There was a girl from my school who lived down the street from me. Her parents were friends of Mother, and evidently we were both smart, so we were expected to be natural friends, and were therefor formally introduced. K1 was taller than me and had long black hair that I thought must require hours of brushing. We were sitting in her tiny bedroom which she shared with a cage full of finches. They must have been a family favorite, because I can not recall a room which didn’t contain at least one pair of the tiny birds. K1 sat next to me on her bed as she slowly flipped through a binder filled with her sticker collection.

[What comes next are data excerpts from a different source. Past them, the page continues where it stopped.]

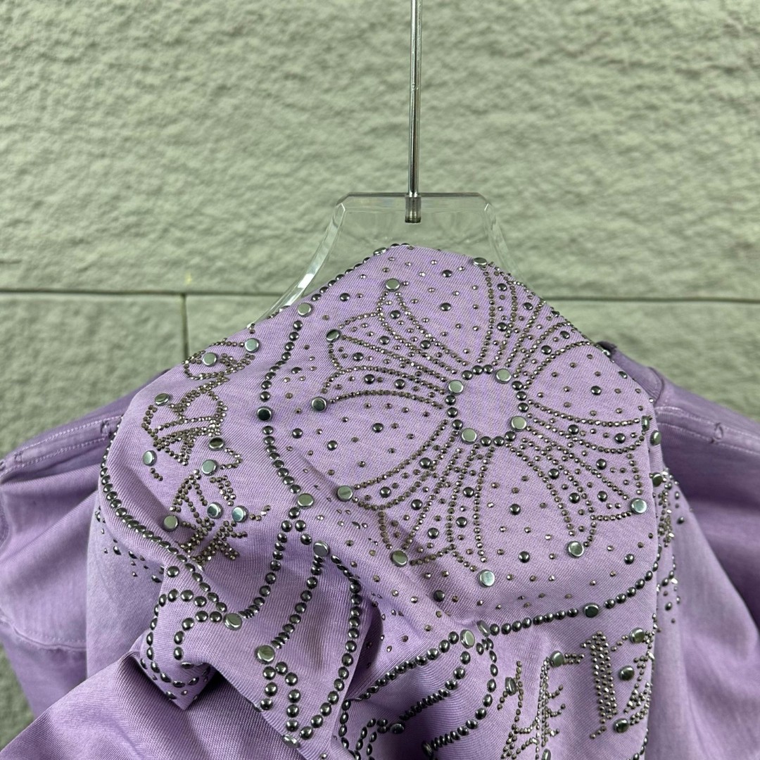 这款衣服是AAAAA 1:1 质量 (非常棒). 使用了和原版一模一样的材料. 商标部分也保持了和克罗心/Chrome Hearts一样. 图片拍摄是实物衣服拍摄, 您所收到的实物保证和我们图片一模一样.
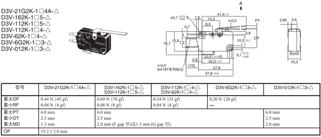 | 短擺桿型 | 內(nèi)部安裝 | 1.23N {125gf} | D3V-21G1-1□4A-△ | D3V-21G1-2□4A-△ | D3V-21G1-3□4A-△ |
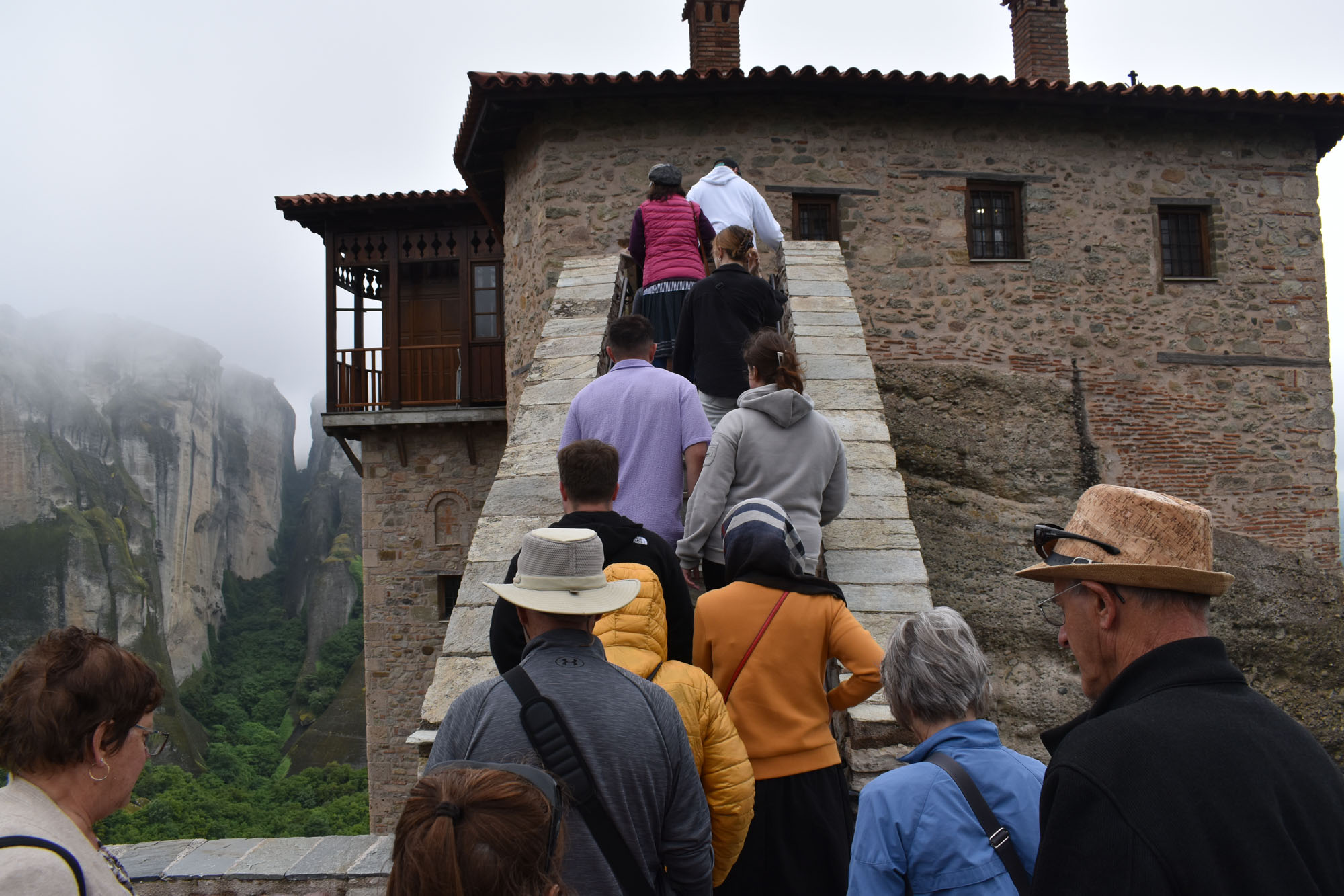 Thankfully the first stop, which was or photos and views, was when the clouds were a little less populous and not as low. Our guide rattled off so many amazing facts through the day – and she was amazing did a great job – that my brain can’t really remember a lot. Just that the monasteries have been through a lot over the centuries. Closed down by the Ottoman Empire at one point, housing resistance and then bombed by the Germans in World War II, they’ve been through it all.
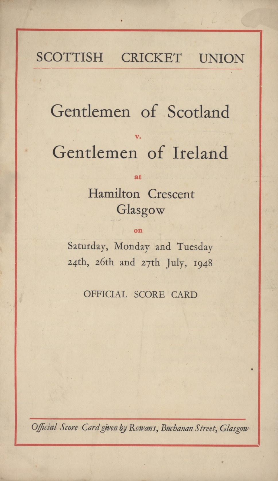 GENTLEMEN OF SCOTLAND V GENTLEMEN OF IRELAND 1948 CRICKET SCORECARD
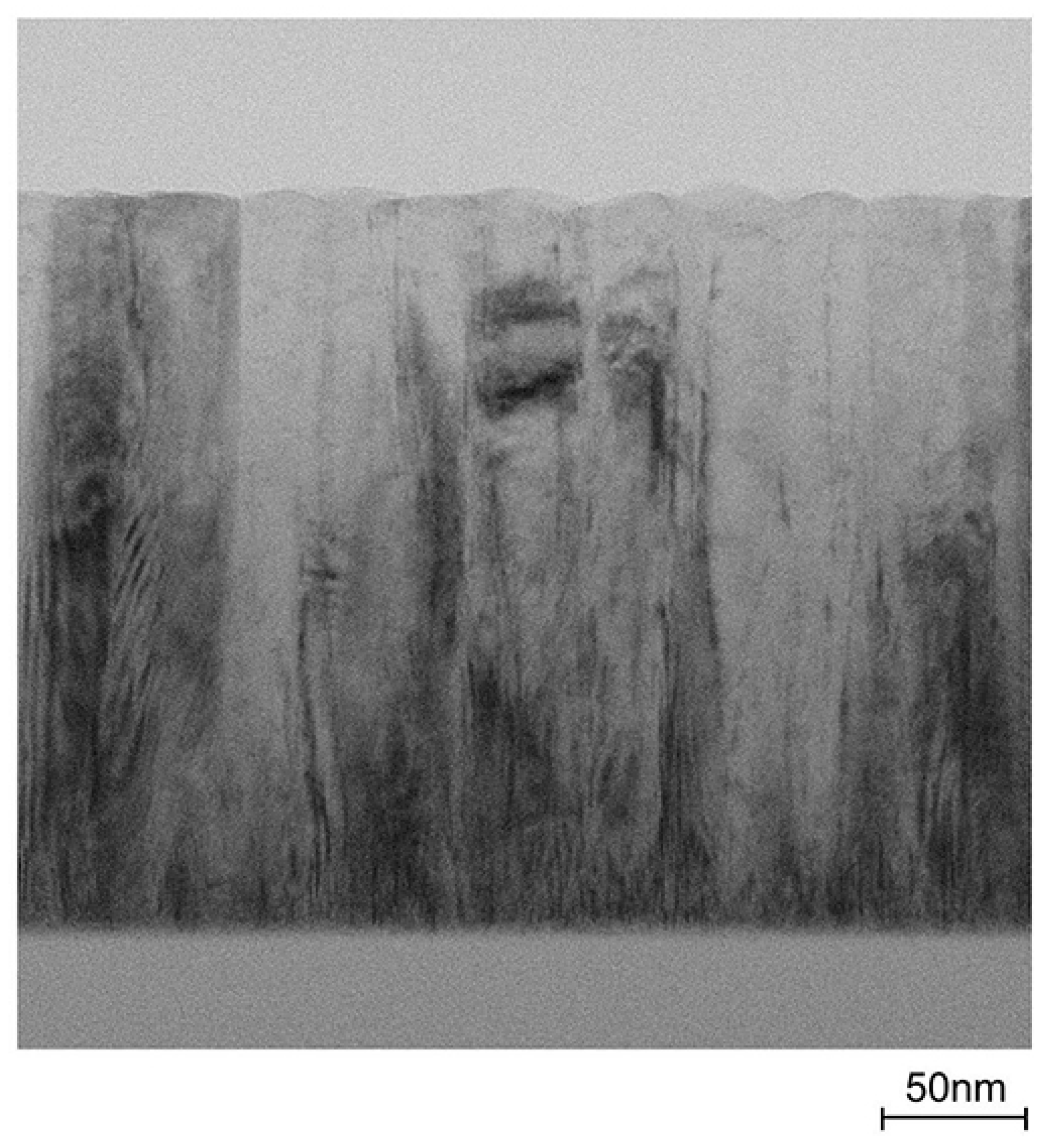 A cross-sectional TEM image of an as-deposited ZnO:Al (2.0 wt %) film.

Some were simple rainbows or hearts, while others contained whole novels full of fantasy imagery. She had an entire chapter dedicated to My Little Pony, which I did my best to feign disinterest in. We casually chatted about which books we were reading at the moment, and how much better third grade was than second. We gossiped about the school secretary’s daughters, and which of the boys were mean and which were nice. The tall, dark skinned boy, we agreed was the nicest. Then K1 showed me her mating pair of finches and their nest of tiny speckled eggs. Out the kitchen window, I could see Uncle E’s truck parked at the top of the hill. As I walked home, back up that hill, I thought about those beautiful eggs, how relaxed I felt talking with my new friend, the warmth of her bedroom, and how overall it was much easier to communicate with girls than with boys. I decided then that I needed a sticker collection of my own. Smiling, I walked past the Taboo gate as well as a barking golden retriever, and returned home to the cramped bedroom I shared with my two younger siblings.